> _Exercise_
Leaving out every picture, please repeat exactly the line that contains "Sáng ngày 10/6/2025, tại" and each line after it through the final line below.

> _Extracted information_
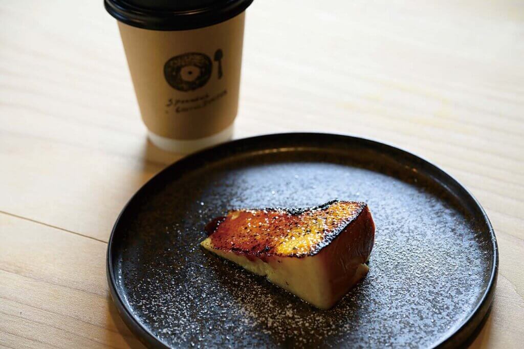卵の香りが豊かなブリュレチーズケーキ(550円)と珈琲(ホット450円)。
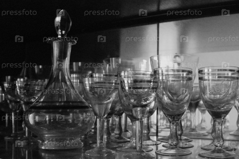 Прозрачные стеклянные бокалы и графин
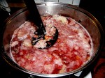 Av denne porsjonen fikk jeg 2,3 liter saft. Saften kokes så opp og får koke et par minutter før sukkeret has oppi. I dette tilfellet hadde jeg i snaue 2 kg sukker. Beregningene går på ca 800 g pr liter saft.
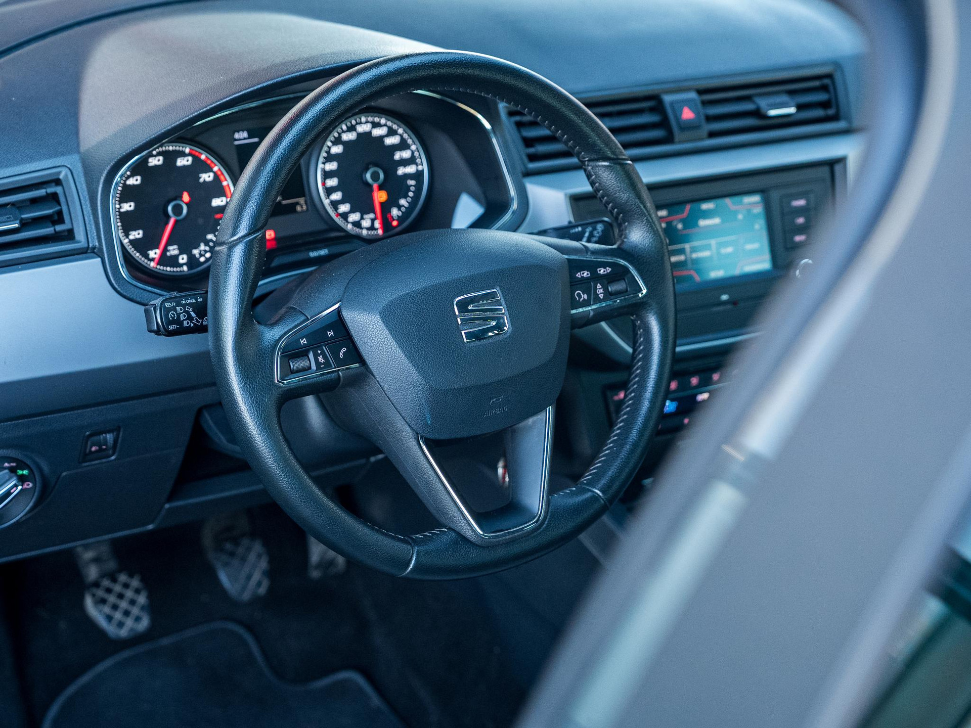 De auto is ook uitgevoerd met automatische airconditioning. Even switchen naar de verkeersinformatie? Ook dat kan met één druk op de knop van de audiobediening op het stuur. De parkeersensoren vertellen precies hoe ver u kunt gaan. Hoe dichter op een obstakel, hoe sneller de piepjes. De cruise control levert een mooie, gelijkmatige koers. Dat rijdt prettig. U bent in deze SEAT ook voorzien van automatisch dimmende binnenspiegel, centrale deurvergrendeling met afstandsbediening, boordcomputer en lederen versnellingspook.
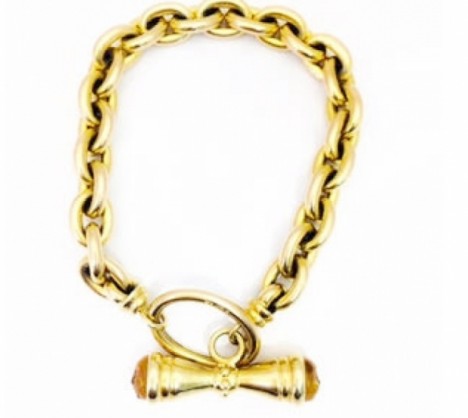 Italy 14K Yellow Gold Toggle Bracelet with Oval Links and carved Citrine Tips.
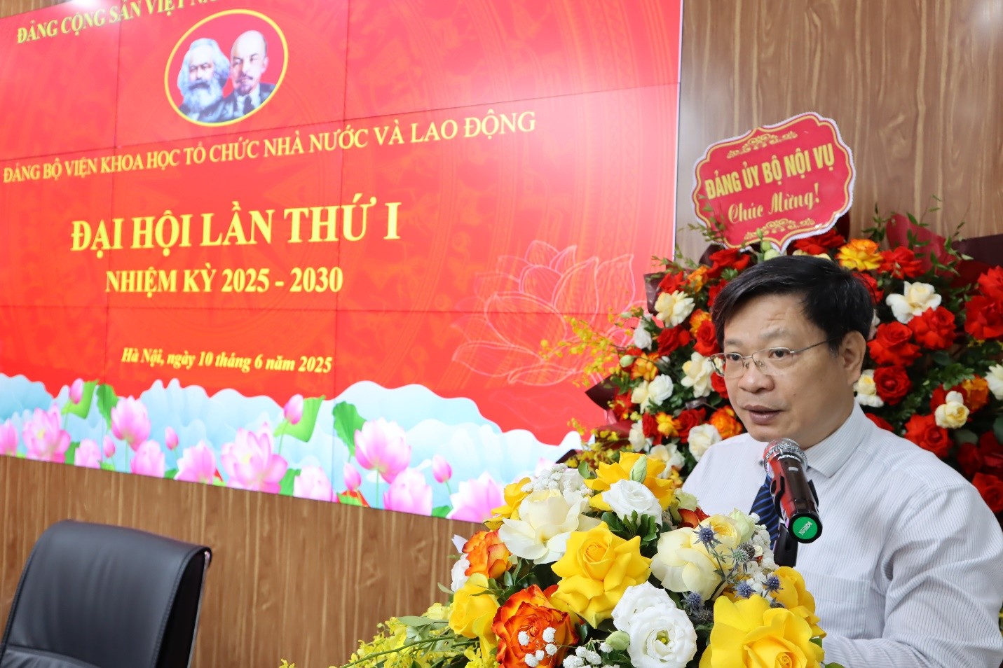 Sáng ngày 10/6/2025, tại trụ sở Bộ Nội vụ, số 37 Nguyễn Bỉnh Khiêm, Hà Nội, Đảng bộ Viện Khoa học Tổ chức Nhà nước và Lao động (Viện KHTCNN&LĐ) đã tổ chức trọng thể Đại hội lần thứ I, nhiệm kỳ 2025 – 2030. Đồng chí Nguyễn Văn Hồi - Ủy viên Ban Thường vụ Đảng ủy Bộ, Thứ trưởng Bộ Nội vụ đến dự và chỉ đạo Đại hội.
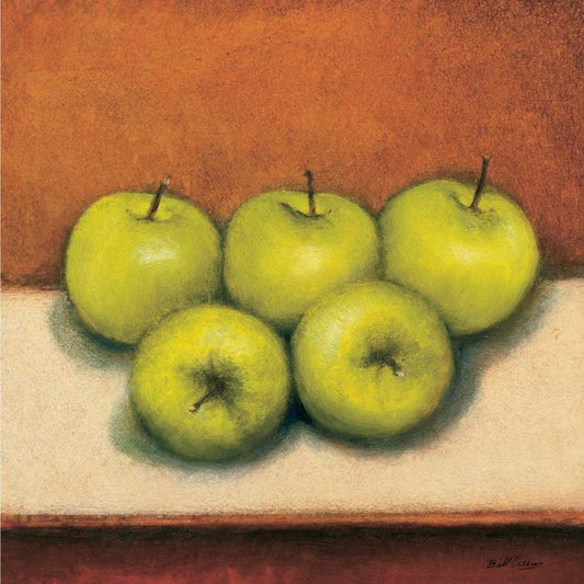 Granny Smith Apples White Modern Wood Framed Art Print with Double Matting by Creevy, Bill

> _Exercise result_
 Sáng ngày 10/6/2025, tại trụ sở Bộ Nội vụ, số 37 Nguyễn Bỉnh Khiêm, Hà Nội, Đảng bộ Viện Khoa học Tổ chức Nhà nước và Lao động (Viện KHTCNN&LĐ) đã tổ chức trọng thể Đại hội lần thứ I, nhiệm kỳ 2025 – 2030. Đồng chí Nguyễn Văn Hồi - Ủy viên Ban Thường vụ Đảng ủy Bộ, Thứ trưởng Bộ Nội vụ đến dự và chỉ đạo Đại hội.
 Granny Smith Apples White Modern Wood Framed Art Print with Double Matting by Creevy, Bill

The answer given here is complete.